Genetic and functional adaptations and alcohol-biased signaling in the mediodorsal thalamus of alcohol dependent mice

Alcohol Use Disorder (AUD) is a significant health concern characterized by an individual’s inability to control alcohol intake. With alcohol misuse increasing and abstinence rates declining, leading to severe social and health consequences, it is crucial to uncover effective treatment strategies for AUD by focusing on understanding neuroadaptations and cellular mechanisms. The mediodorsal thalamus (MD) is a brain region essential for cognitive functioning and reward-guided choices. However, the effects of alcohol (ethanol) dependence on MD neuroadaptations and how dependence alters MD activity during choice behaviors for alcohol and a natural reward (sucrose) are not well understood. Adult C57BL/6J mice treated with chronic intermittent ethanol (CIE) exposure were used to assess genetic and functional adaptations in the MD. Fiber photometry-based recordings of GCaMP6f expressed in the MD of C57BL/6J mice were acquired to investigate in vivo neural adaptations during choice drinking sessions for alcohol (15%) and either water or sucrose (3%). There were time-dependent changes in cFos and transcript expression during acute withdrawal and early abstinence. Differentially expressed genes were identified in control mice across different circadian time points and when comparing control and alcohol dependent mice. Gene Ontology enrichment analysis of the alcohol-sensitive genes revealed disruption of genes that control glial function, axonal myelination, and protein binding.
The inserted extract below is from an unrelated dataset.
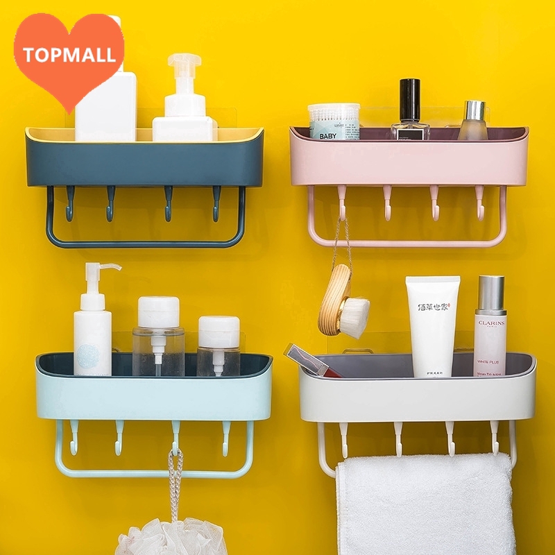 Wall Mounted Bathroom Shelf Organizer With Towel Rack Shower Kitchen Plastic Storage Shopee Indonesia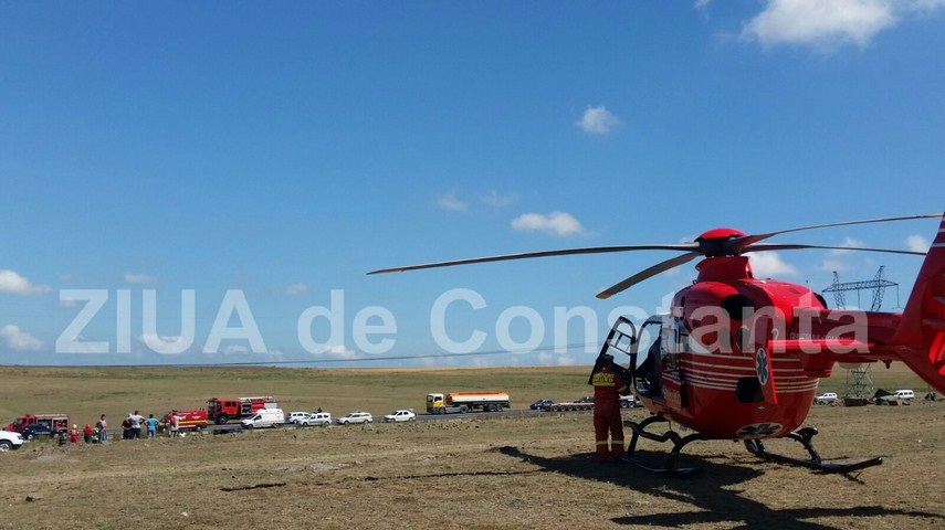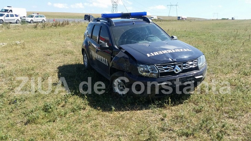 Din cele două victime, una a fost transportată cu ambulnţa SMURD şi una cu elicopterul SMURD. Din maşina de jandarmi, nu există nicio victimă. Potrivit servicului de Ambulanţă Judeţean Constanţa, cele două victime sunt un bărbt şi o femeie. Ambele victime s-au ales cu trumatism cranian, toracic, dar şi la mâini şi picioare. Jandarmii nu sunt răniţi.

CIE exposure also increased evoked firing in MD cells at 72 hours of withdrawal. In alcohol-dependent male and female mice that show increased alcohol drinking and preference for alcohol over water, we observed an increase in alcohol intake and preference for alcohol when mice were given a choice between alcohol and sucrose. Fiber photometry recordings demonstrated that MD activity is elevated during and after licking bouts for alcohol, water, and sucrose, and the signal for alcohol is significantly higher than that for water or sucrose during drinking. The elevated signal during alcohol bouts persisted in alcohol dependent mice. These findings demonstrate that CIE causes genetic and functional neuroadaptations in the MD and that alcohol dependence enhances alcohol-biased behaviors, with the MD uniquely responsive to alcohol, even in dependent mice.